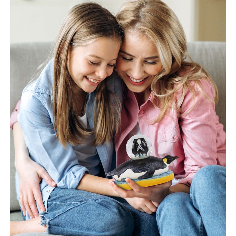 - HIGH-QUALITY PENGUIN SNOW GLOBE - The Penguin snow globe glitter dome is made with strong and sturdy materials so you can shake the snowglobe every time you want to see the sparkly glitter fall. The clear liquid dome filled with colorful glitter is made with glass and the realistic hand-painted figurines are made with high-quality resin materials. Preserve the beauty of this wild animal snow globe by wiping it with a damp cloth.
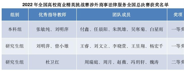 近日,2022年全国高校商业精英挑战赛国际贸易竞赛全国总决赛闭幕。在本次比赛中,由LETOU官网法学院本科生与研究生组成的三支队伍在成功入围涉外商事法律服务赛道总决赛,勇夺该赛道一等奖两项、二等奖一项。此次竞赛共有来自全国132所高校的625支队伍参赛,在全国高校14个一等奖中LETOU官网荣获两项,这是LETOU官网积极回应国家“加快建设涉外法治人才队伍”的要求,着力培养高素质涉外法律人才的集中体现。
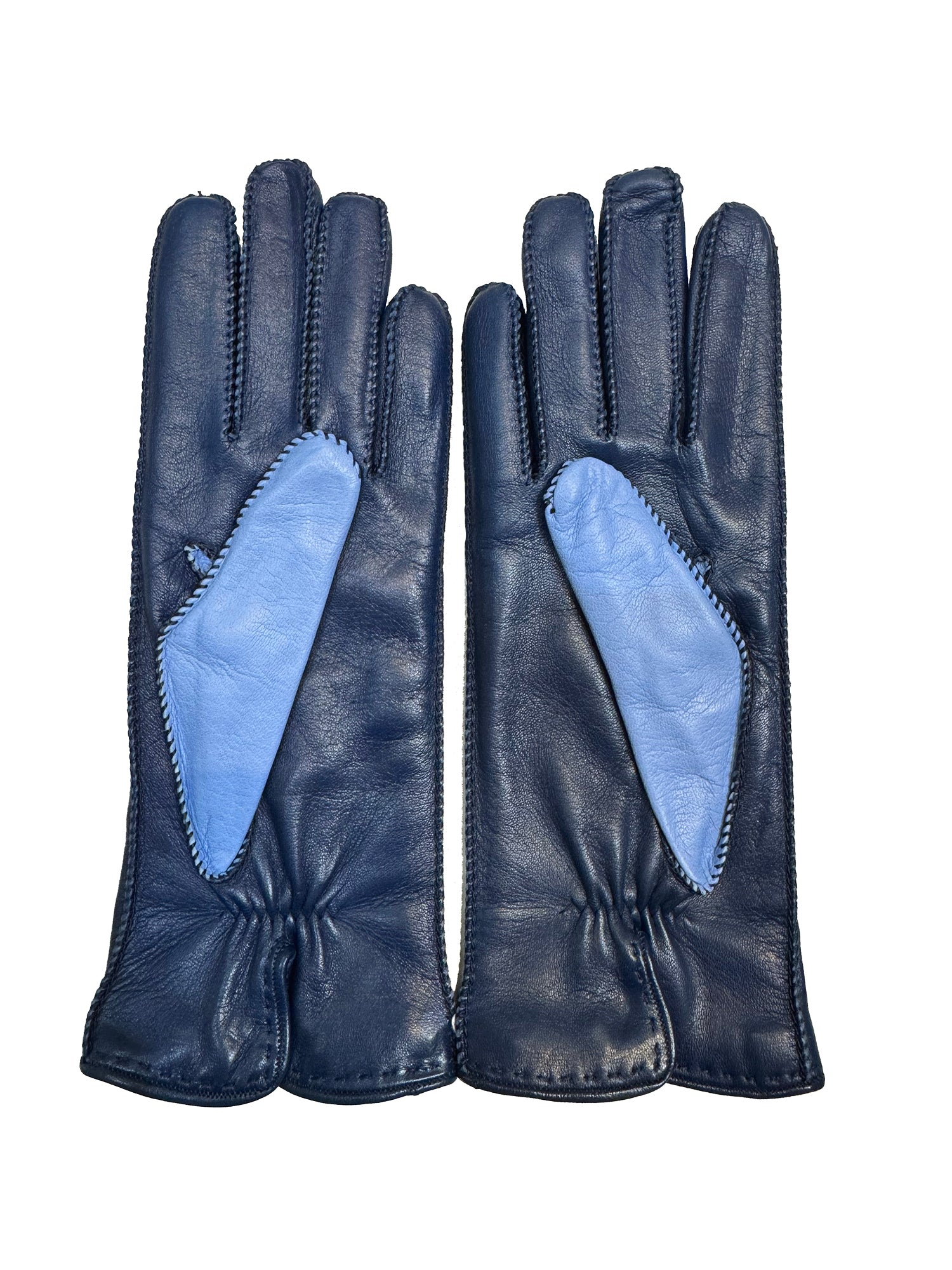 Crafted from buttery Italian lambskin and lined in ultra-soft cashmere, these gloves bring modern refinement to cold-weather dressing. The smooth leather exterior molds effortlessly to the hand, while the contrast thumb panel adds a subtle, sculptural pop of color that feels both playful and sophisticated.
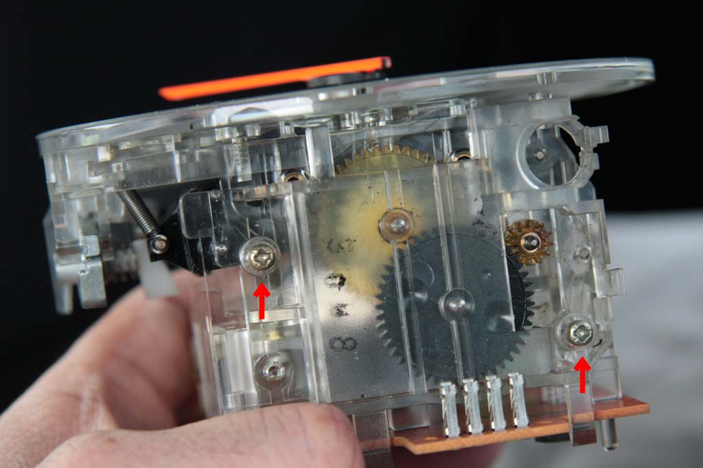 メーターが取れました。矢印の2本のネジを取ればギアの交換も出来ます。
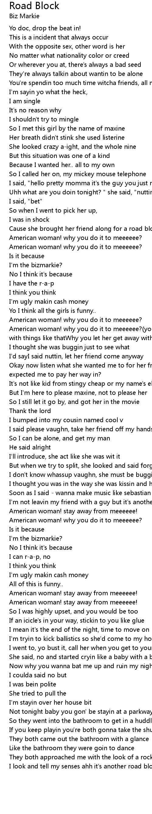 I'm not leavin my friend with a guy but it's another road block[biz sings] |
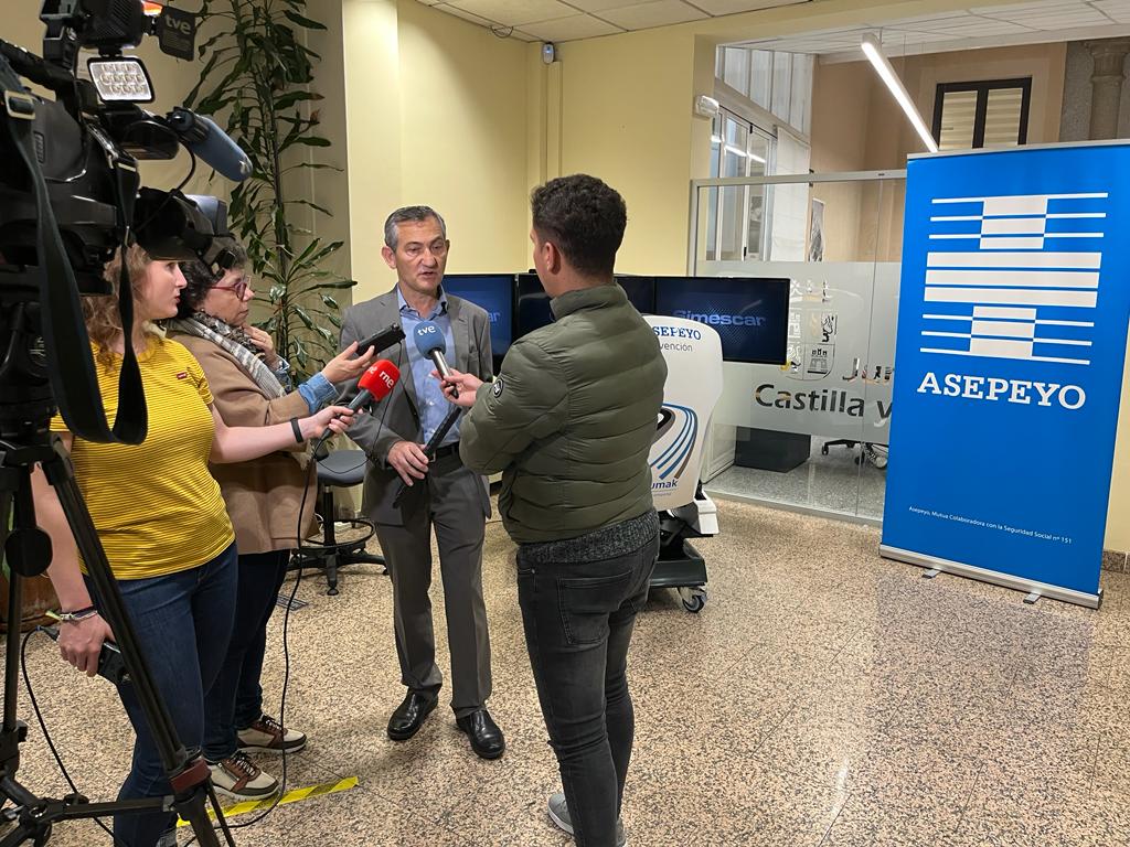 Asepeyo ha participado en esta jornada con la instalación de un simulador de conducción de alta inmersión, en el que los asistentes, de la mano de Javier Piñuela de la Mata, consultor de Prevención de Riesgos Laborales de Asepeyo en Segovia, han podido experimentar todo tipo de situaciones al volante sin estar realmente expuestos a ningún tipo de riesgo.

» **Task objective**
The entire listing is to be printed exactly, with each picture omitted.

» **Solution to this problem**
 - HIGH-QUALITY PENGUIN SNOW GLOBE - The Penguin snow globe glitter dome is made with strong and sturdy materials so you can shake the snowglobe every time you want to see the sparkly glitter fall. The clear liquid dome filled with colorful glitter is made with glass and the realistic hand-painted figurines are made with high-quality resin materials. Preserve the beauty of this wild animal snow globe by wiping it with a damp cloth.
 近日,2022年全国高校商业精英挑战赛国际贸易竞赛全国总决赛闭幕。在本次比赛中,由LETOU官网法学院本科生与研究生组成的三支队伍在成功入围涉外商事法律服务赛道总决赛,勇夺该赛道一等奖两项、二等奖一项。此次竞赛共有来自全国132所高校的625支队伍参赛,在全国高校14个一等奖中LETOU官网荣获两项,这是LETOU官网积极回应国家“加快建设涉外法治人才队伍”的要求,着力培养高素质涉外法律人才的集中体现。
 Crafted from buttery Italian lambskin and lined in ultra-soft cashmere, these gloves bring modern refinement to cold-weather dressing. The smooth leather exterior molds effortlessly to the hand, while the contrast thumb panel adds a subtle, sculptural pop of color that feels both playful and sophisticated.
 メーターが取れました。矢印の2本のネジを取ればギアの交換も出来ます。
 I'm not leavin my friend with a guy but it's another road block[biz sings] |
 Asepeyo ha participado en esta jornada con la instalación de un simulador de conducción de alta inmersión, en el que los asistentes, de la mano de Javier Piñuela de la Mata, consultor de Prevención de Riesgos Laborales de Asepeyo en Segovia, han podido experimentar todo tipo de situaciones al volante sin estar realmente expuestos a ningún tipo de riesgo.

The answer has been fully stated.